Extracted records
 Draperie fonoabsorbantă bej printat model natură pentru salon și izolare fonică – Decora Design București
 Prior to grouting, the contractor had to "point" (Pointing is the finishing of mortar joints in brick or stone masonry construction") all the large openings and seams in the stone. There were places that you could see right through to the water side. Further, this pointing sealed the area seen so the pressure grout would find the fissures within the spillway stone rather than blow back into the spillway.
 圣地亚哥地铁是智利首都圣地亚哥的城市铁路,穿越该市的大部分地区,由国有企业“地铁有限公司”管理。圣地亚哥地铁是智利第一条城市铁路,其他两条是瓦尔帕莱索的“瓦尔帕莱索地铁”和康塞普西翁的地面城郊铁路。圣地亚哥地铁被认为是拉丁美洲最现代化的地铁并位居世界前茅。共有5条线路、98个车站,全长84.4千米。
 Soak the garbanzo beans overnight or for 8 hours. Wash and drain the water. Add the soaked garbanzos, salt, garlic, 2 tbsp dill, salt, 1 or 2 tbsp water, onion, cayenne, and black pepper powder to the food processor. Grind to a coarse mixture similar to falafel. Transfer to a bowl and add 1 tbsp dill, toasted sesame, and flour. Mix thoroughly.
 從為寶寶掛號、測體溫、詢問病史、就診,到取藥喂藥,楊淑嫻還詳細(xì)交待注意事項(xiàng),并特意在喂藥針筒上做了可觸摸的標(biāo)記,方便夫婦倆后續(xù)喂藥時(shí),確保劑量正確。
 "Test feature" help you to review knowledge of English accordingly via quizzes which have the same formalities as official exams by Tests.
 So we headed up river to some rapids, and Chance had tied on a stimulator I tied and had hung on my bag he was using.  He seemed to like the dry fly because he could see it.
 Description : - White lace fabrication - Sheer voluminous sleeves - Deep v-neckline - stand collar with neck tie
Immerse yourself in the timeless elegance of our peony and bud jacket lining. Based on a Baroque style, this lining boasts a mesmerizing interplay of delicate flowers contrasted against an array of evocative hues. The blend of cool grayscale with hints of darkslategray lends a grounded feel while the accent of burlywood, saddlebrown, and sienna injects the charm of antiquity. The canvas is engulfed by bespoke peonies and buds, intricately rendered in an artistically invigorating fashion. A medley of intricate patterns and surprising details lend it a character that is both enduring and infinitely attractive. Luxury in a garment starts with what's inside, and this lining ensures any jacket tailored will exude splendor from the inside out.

TASK ITEM
Please reproduce all of the entries exactly as they stand.

ANSWER TO THIS EXERCISE
 Draperie fonoabsorbantă bej printat model natură pentru salon și izolare fonică – Decora Design București
 Prior to grouting, the contractor had to "point" (Pointing is the finishing of mortar joints in brick or stone masonry construction") all the large openings and seams in the stone. There were places that you could see right through to the water side. Further, this pointing sealed the area seen so the pressure grout would find the fissures within the spillway stone rather than blow back into the spillway.
 圣地亚哥地铁是智利首都圣地亚哥的城市铁路,穿越该市的大部分地区,由国有企业“地铁有限公司”管理。圣地亚哥地铁是智利第一条城市铁路,其他两条是瓦尔帕莱索的“瓦尔帕莱索地铁”和康塞普西翁的地面城郊铁路。圣地亚哥地铁被认为是拉丁美洲最现代化的地铁并位居世界前茅。共有5条线路、98个车站,全长84.4千米。
 Soak the garbanzo beans overnight or for 8 hours. Wash and drain the water. Add the soaked garbanzos, salt, garlic, 2 tbsp dill, salt, 1 or 2 tbsp water, onion, cayenne, and black pepper powder to the food processor. Grind to a coarse mixture similar to falafel. Transfer to a bowl and add 1 tbsp dill, toasted sesame, and flour. Mix thoroughly.
 從為寶寶掛號、測體溫、詢問病史、就診,到取藥喂藥,楊淑嫻還詳細(xì)交待注意事項(xiàng),并特意在喂藥針筒上做了可觸摸的標(biāo)記,方便夫婦倆后續(xù)喂藥時(shí),確保劑量正確。
 "Test feature" help you to review knowledge of English accordingly via quizzes which have the same formalities as official exams by Tests.
 So we headed up river to some rapids, and Chance had tied on a stimulator I tied and had hung on my bag he was using.  He seemed to like the dry fly because he could see it.
 Description : - White lace fabrication - Sheer voluminous sleeves - Deep v-neckline - stand collar with neck tie
Immerse yourself in the timeless elegance of our peony and bud jacket lining. Based on a Baroque style, this lining boasts a mesmerizing interplay of delicate flowers contrasted against an array of evocative hues. The blend of cool grayscale with hints of darkslategray lends a grounded feel while the accent of burlywood, saddlebrown, and sienna injects the charm of antiquity. The canvas is engulfed by bespoke peonies and buds, intricately rendered in an artistically invigorating fashion. A medley of intricate patterns and surprising details lend it a character that is both enduring and infinitely attractive. Luxury in a garment starts with what's inside, and this lining ensures any jacket tailored will exude splendor from the inside out.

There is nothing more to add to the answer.